台下有余岁的朋友,他的生日,请了学校里很多的小伙伴来玩耍,霍邱山能感觉到有那么一两个人对他是不一样的,暗恋也好,明恋也罢,都是他们这个年纪该有的感情。

“你都看的这么开了,也能叫嫉妒吗?”

看得开不代表不嫉妒,霍邱山也在年轻时爱慕过别人,他觉得自己能体会到年龄危机是一件挺好的事情,说明以后会更珍惜余岁,不会像以前那样混蛋。

“你……干嘛……说这些啊!”

余岁被他顶在墙上,一耸一耸的颤抖,他没想到霍邱山会这么嘴甜,虽然是生日,但也有讨好的嫌疑。

“讨好你也有错?你都要走了,叔叔舍不得你不可以吗?”

可以是可以,但是也没必要这么凶吧?都快把他顶穿了,一会儿怎么出去见人……

“没办法,想要快点射出来必须这样粗鲁,叔叔是很持久的,你要求十分钟以内,实在是太为难我了。”

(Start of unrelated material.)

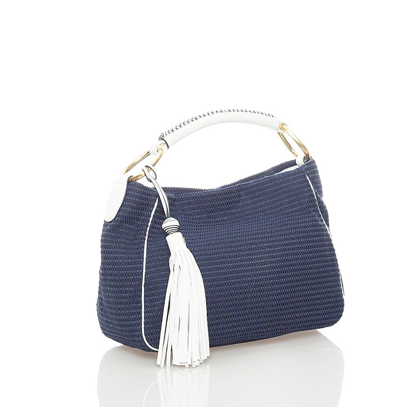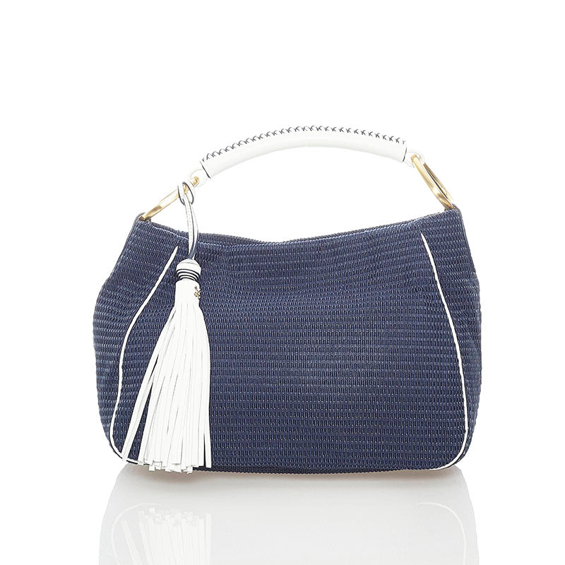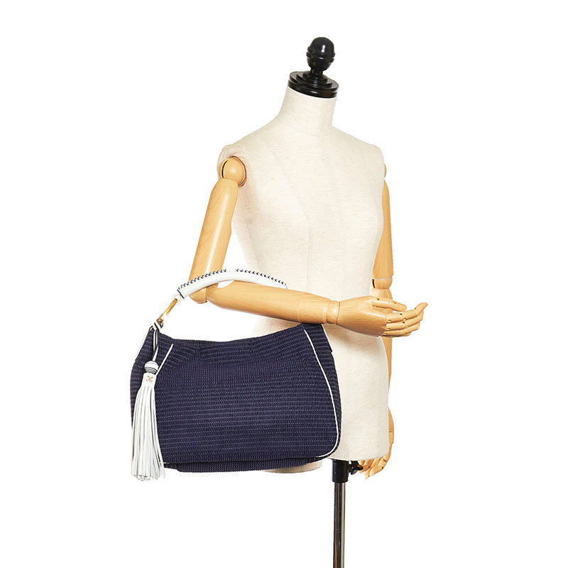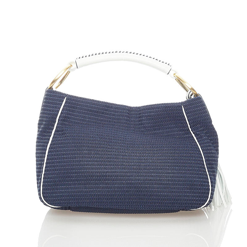 サザビー ハンドバッグ ネイビー ホワイト ナイロン レザー レディース SAZABY 【中古】
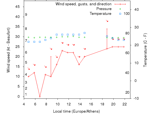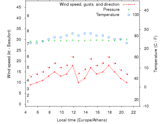 Dawn after 4:00; dusk before 23:00 local time (Europe/Athens).

霍邱山太粗了,操得他脑袋晕死了,余岁今天高兴过头了,有些迷失在他的大鸡巴上。

“骚货。”

“叔叔……霍叔叔……”

“夹紧了,叔叔要射里面去。”

“……嗯……不要……”

“大鸡巴射进去不爽吗?不是你自己要求的?”

他们说着骚话互相刺激,很快就要忍不住了,余岁被他翻过来,上身趴在宽大的桌子上面,双手掰开屁股,撅的高高的勾引男人。

“叔叔想操你屁眼了……走之前再玩一次,好吗?”

“先……前面……嗯……”

“知道,前面也要,后面也要,心急吃不了热豆腐,叔叔都给你,你只需要把叔叔夹紧就好了。”

霍邱山用手指简单的扩张了一些,实在受不了了,有些被诱惑到了,那个小洞一缩一缩的吸引着他,他很想捅两下,随便操一下也可以。

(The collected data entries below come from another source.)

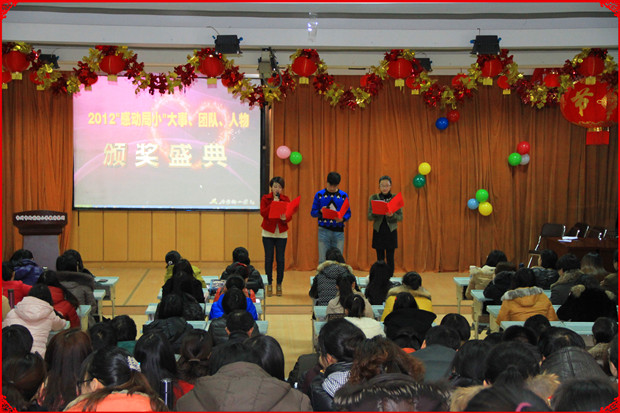 一曲温暖人心的《大手牵小手》拉开了2012感动局小颁奖盛典的序幕。李校长带领大家盘点了局小教育集团一年来的收获,揭晓了“感动局小”十件大事:1.举办110周年校庆系列活动,办学文化实现新传承。2.“局前街小学教育集团”迎来新局面,集团办学获得新突破。3.“新基础教育”扎根研究顺利结题,“生态式”发展迈上新征程。4.“生命关怀”教育理念研讨会顺利召开,学校文化彰显新内涵。5.承办市“天禾”数字化学习论坛活动,e学习项目展现新活力。 6.《飞吧,小鸟》主题系列活动影响深远,“生命关怀”理念凸显新品质。7. 局小学生精彩亮相局小110周年校庆系列活动,学生成长再创新高度。8.开展“种太阳”爱心传递活动,“感激教育”孕育新温暖。9.青年教师基本功比赛全面“开花”,教师发展实现新跨越。10.深度对接国内外教育代表团,教育开放化开启新平台。
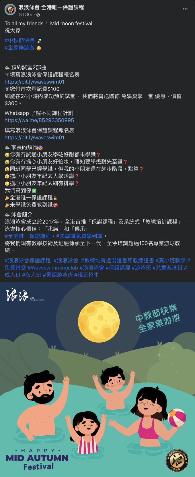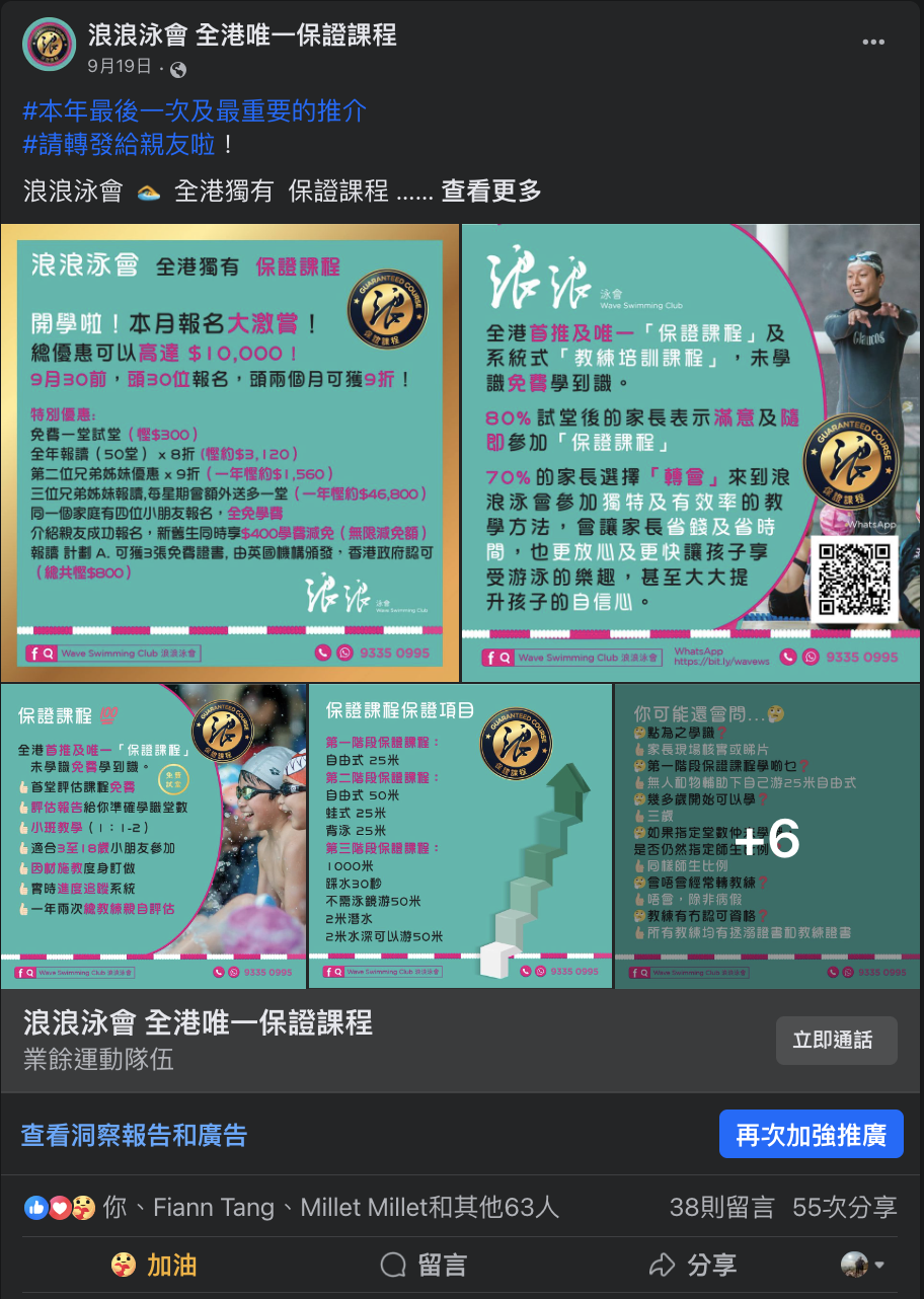 WAVE SWIMMING CLUB 浪浪泳會, Facebook post and Ad settings, Graphic Design, copy writing, Photo shooting, Video shooting, Logo design, Brand Identity design,
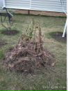 Приучать растение к горизонтальному положению необходимо постепенно, через некоторое время перемещая скобы-фиксаторы от центра стволов к их основанию. Побеги следует утеплить лапником, а поверх него – спанбондом. Сверху надо насыпать сухие опилки или торф, а потом снова лапник.
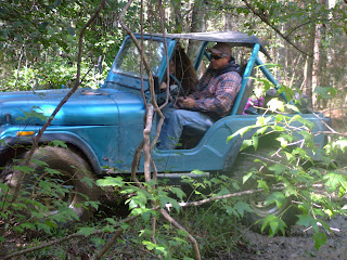 Dale, Janice, Sarah, Mark and myself went to goose camping this weekend. Friday, we decided to do some off roading in the Jeeps, while we were waiting on Duck and Ruby to arrive. We got to a tree down and the off road started.

余岁趴在桌子上哼哼唧唧的颤抖,臀部和大腿被撞红了,一边喘一边叫他,霍邱山俯下身亲了亲他的肩背,继续操着,马上就要超过十分钟了。

“射哪里?叔叔要忍不住了。”

“前面……你弄我前面呀……”

霍邱山是镇定的,拔出来,继续捅他前面,在心里默默地骂了一句骚货,又想打他,对他做出一些过分的事情。

“宝贝,手给我。”

余岁本来就背对着他,一只手刚递过去,就被霍邱山暴力的拉扯,然后另一只手也被抓住了,霍邱山站在他背后,用力扯着他的两条手臂,骑马一样,拼命挥起了缰绳。

他被迫支起上半身,却因为没有手而完全失去自控力,霍邱山拎着他狂操,一条腿顶在他两腿之间,射精的时候霍邱山也在操他,只不过速度变慢了,从啪啪啪的声音变成噗嗤的声音,从这么富有激情的变化中余岁可以判断出来,他又要被霍邱山玩坏了,下面有可能会变得红肿……

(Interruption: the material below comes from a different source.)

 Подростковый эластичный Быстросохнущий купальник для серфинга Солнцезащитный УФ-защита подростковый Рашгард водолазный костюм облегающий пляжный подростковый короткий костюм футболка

“舍不得拔出来,一直吸着叔叔,小岁,什么时候叔叔能把你操松?”

霍邱山玩笑似的掰开他的屁股,两只手用力揉着,往外打圈,余岁腿间的细缝被他操开了,紧紧夹着一根阴茎,大腿根的肉都贴着了,霍邱山的鸡巴粗到他受不了了。

虽然一开始是他勾引,但余岁没想到会这么激烈,也不知道一会儿出去会不会被发现,他的屁股实在是太敏感了,轻轻动一下都会颤抖……

“出去……够了!”

霍邱山还在操他,慢条斯理的,一边操一边揉,“你爸妈在外面,还有你哥,都在帮你撑着场子,不着急,叔叔慢慢来一次。”

第二次温柔许多,余岁被操到失声,爽得流了汗,射进来的时候霍邱山也没那么激动了,只是捧着他的屁股,低喘着顶了几下。

“叔叔好想再来一次……”

“不要!不……可以……”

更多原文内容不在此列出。